Saved entries:
+++
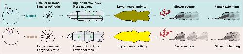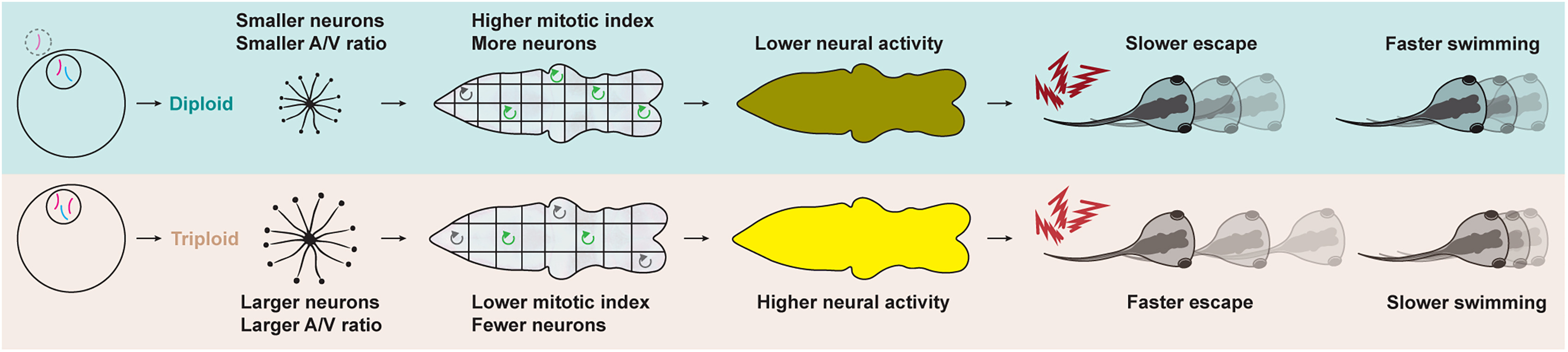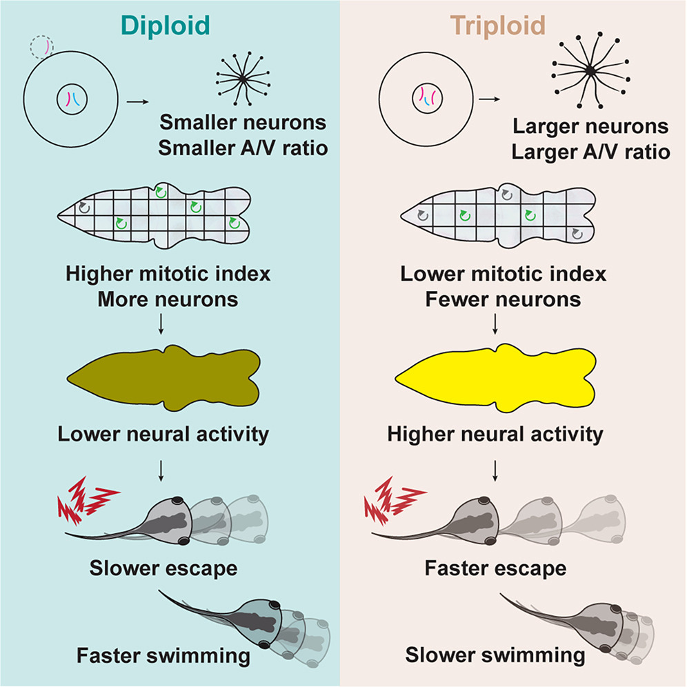 Figure 6 Neuron size and brain physiology differences produce distinct swimming behaviors in triploid tadpoles
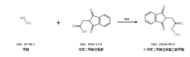1.通过甲醇和邻苯二甲酰甘氨酸合成2-邻苯二甲酰亚胺基乙酸甲酯,收率约99%;
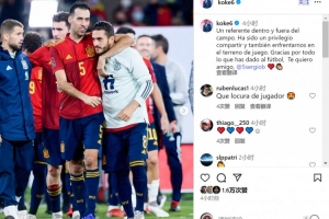 体育资讯9月27日讯 布斯克茨将在本赛季结束后退役,他在西班牙国家队的队友科克社媒发文致敬。
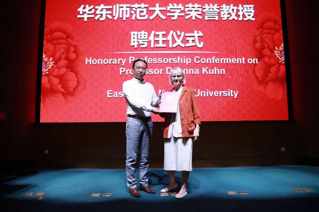 ▲ 2018年5月10日,Deanna Kuhn教授作为华东师范大学荣誉教授正式加入课程所,华东师大副校长戴立益代表学校向Deanna Kuhn教授颁发了聘书。
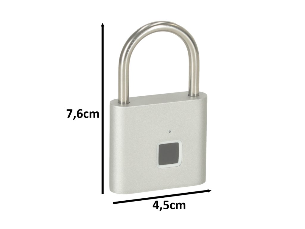 Materiál: Zinek, ocel Voděodolnost: IP56 Napájení: Vestavěná baterie 3,7 V Maximální počet uložených otisků prstů: 10 Provozní teplota: -10 až 40 stupňů Celsia Rozměry visacího zámku: 7,6 cm x 4,5 cm x 1,2 cm Tloušťka zámku: 0,5 cm Rozměry balení: 10,5 cm x 7,6 cm x 1,8 cm Typ balení: Kartonová krabice
+++
◆ WHAT TO DO
Copy the data verbatim, skipping any image it holds.

◆ RESPONSE
 Figure 6 Neuron size and brain physiology differences produce distinct swimming behaviors in triploid tadpoles
1.通过甲醇和邻苯二甲酰甘氨酸合成2-邻苯二甲酰亚胺基乙酸甲酯,收率约99%;
 体育资讯9月27日讯 布斯克茨将在本赛季结束后退役,他在西班牙国家队的队友科克社媒发文致敬。
 ▲ 2018年5月10日,Deanna Kuhn教授作为华东师范大学荣誉教授正式加入课程所,华东师大副校长戴立益代表学校向Deanna Kuhn教授颁发了聘书。
 Materiál: Zinek, ocel Voděodolnost: IP56 Napájení: Vestavěná baterie 3,7 V Maximální počet uložených otisků prstů: 10 Provozní teplota: -10 až 40 stupňů Celsia Rozměry visacího zámku: 7,6 cm x 4,5 cm x 1,2 cm Tloušťka zámku: 0,5 cm Rozměry balení: 10,5 cm x 7,6 cm x 1,8 cm Typ balení: Kartonová krabice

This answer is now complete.